Jemma hesitates. They've all had to compromise their morals. Fitz shot someone. Jemma threw herself on a grenade; she was ready to shoot the first person that threatened her team. They're kids themselves.

"We've all had to do things we didn't want to."

"Jemma," Skye breathes. "I didn't shoot him."

...

She learns about Fitz's hallucinations on the tenth week. May tells her, in her measured way. And everything sort of crashes down around her. There's this empty thing, a black hole opening in her chest and destroying everything around it.

She left to force him to heal—she never thought that leaving would make it worse. And she is angry—so, _so _angry. At the team, at Coulson, at Fitz, at herself. They've just left him to himself, to talk to thin air on his own, and only now thought to inform her.

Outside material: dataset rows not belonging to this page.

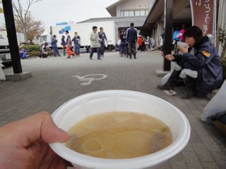 お昼は、たまたま炊き出しのトン汁をいただきました。身体にしみます!
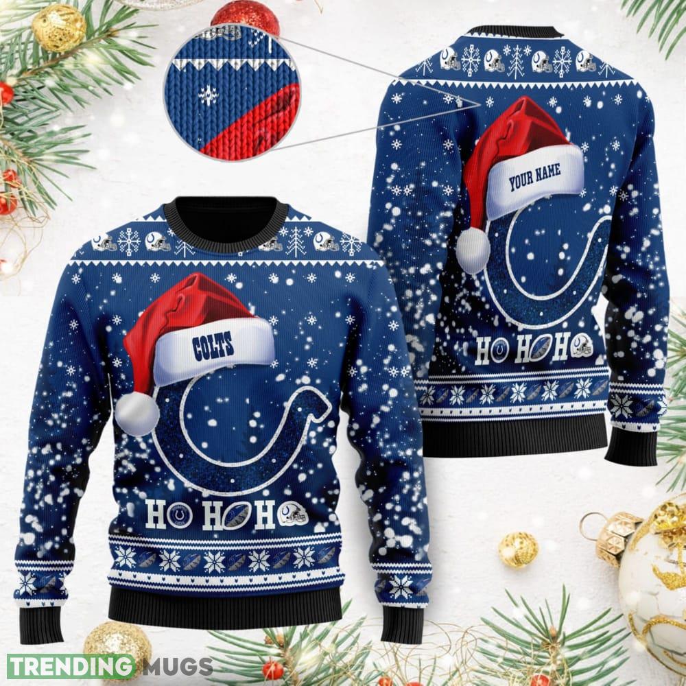 Custom Name Indianapolis Colts Symbol Wearing Santa Claus Hat Ho Ho Ho All Over Print Sweater Gift Christmas Informations:
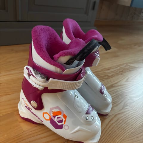 Nordica Team barneskistøvler i hvit og rosa farge. Modellen har justerbar spennelukking foran og bak for enkel tilpasning rundt fot og legg. Det står 195 mm Mondopoint. Tilsvarer skostørrelse 24-25.

She tells the kids that they're going underground.

...

(in short—

everything went to shit when she left, and Jemma can't help the guilt that threatens to crush her)

...

Coulson looks only a little surprise when she leads six teenagers into his office. She introduces them by academy—"Sci-Tech, Ops, Comms," she tells him, pointing to the pairs in turn. "Where's Fitz?"

Coulson looks pale.

"Med-bay."

She starts to run.

Stops.

"Skye?"

He looks dead.

"Containment."

...

She goes to see Skye first. Because that's—

that should be easier, right?

Her eyes are red—the blood vessels have all burst in the sclera and it looks like she hasn't slept in days. "Simmons?"

It's not easier.

"Skye, what—?" Her clothes are covered in blood, her arms bruised. "What happened to you?" Her cell is bare. Nails cut short.

"I fought May."

"Why?"

She shrugs. "Something came over me. There was this—this wave of black. And then I woke up here."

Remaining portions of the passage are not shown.